First American edition of the award-winning first novel by White—"the first writer with Australian roots to be widely read abroad and the only Australian writer ever selected for the Nobel Prize"—issued by Viking's Ben Huebsch, famed publisher of Joyce and Lawrence, who became "the rock on which Patrick White's career was built," in original dust jacket.

White "won the 1973 Nobel Prize in Literature and international acclaim as a harsh but authentic voice of his homeland… he was the first writer with Australian roots to be widely read abroad and the only Australian writer ever selected for the Nobel Prize… The Swedish Academy, selecting White from a list that included Graham Greene, Vladimir Nabokov and Andre Malraux, called his work 'an epic and psychological narrative art which has introduced a new continent into literature'" (New York Times). Awarded the prestigious Australian Literature Society gold medal in 1939, Happy Valley is "a dazzling first novel… the exhilarating performance of a great writer in the making" (Craven, Jackeroo Epic).
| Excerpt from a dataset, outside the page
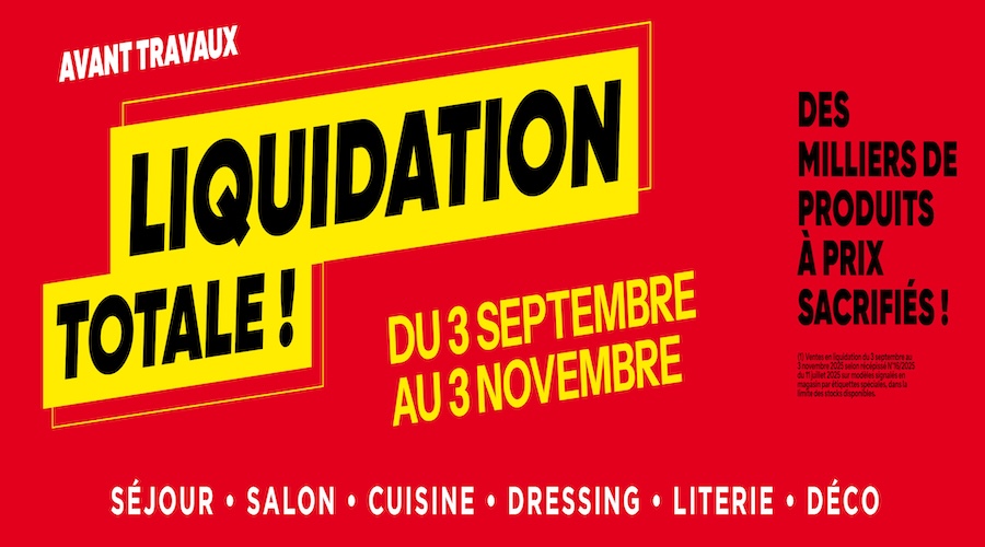 Avant ce grand anniversaire, le magasin lance une liquidation totale avant travaux, du 3 septembre au 2 novembre 2025, avec des remises exceptionnelles de –30 % à –70 % sur tout le magasin : meubles, cuisines, dressings, literie, décoration…

White, born in London while his Australian parents were abroad, was educated in Cambridge and wrote Happy Valley in England in the late 1930s. Soon after its publication in London, he traveled to the U.S. seeking an American publisher. After several rejections he met Ben Huebsch of Viking, who accepted it for publication. Huebsch, publisher of Lawrence and Joyce, was described by White's biographer David Marr as "the rock on which Patrick White's career was built" (Patrick White, 127). Huebsch also accepted the manuscript for White's next book, The Living and the Dead (1941), earlier rejected by Harrup in London. With that, "Marr notes that an important pattern had been set for the next 15 years: 'immediate acceptance of White's work in New York and a struggle to find a publisher in London'. As Simon During argues, White's reputation was first established in New York, then in London, and eventually imported back to Australia" (Cambridge History of Australian Literature, 250). "Printed in May 1940" on copyright page. Preceded by the 1939 first English edition. "White later rejected Happy Valley as prentice work" and never allowed its republication in English in his lifetime (Australian Dictionary of Biography).

Book fine; light edge-wear, mild toning to spine of extremely good dust jacket.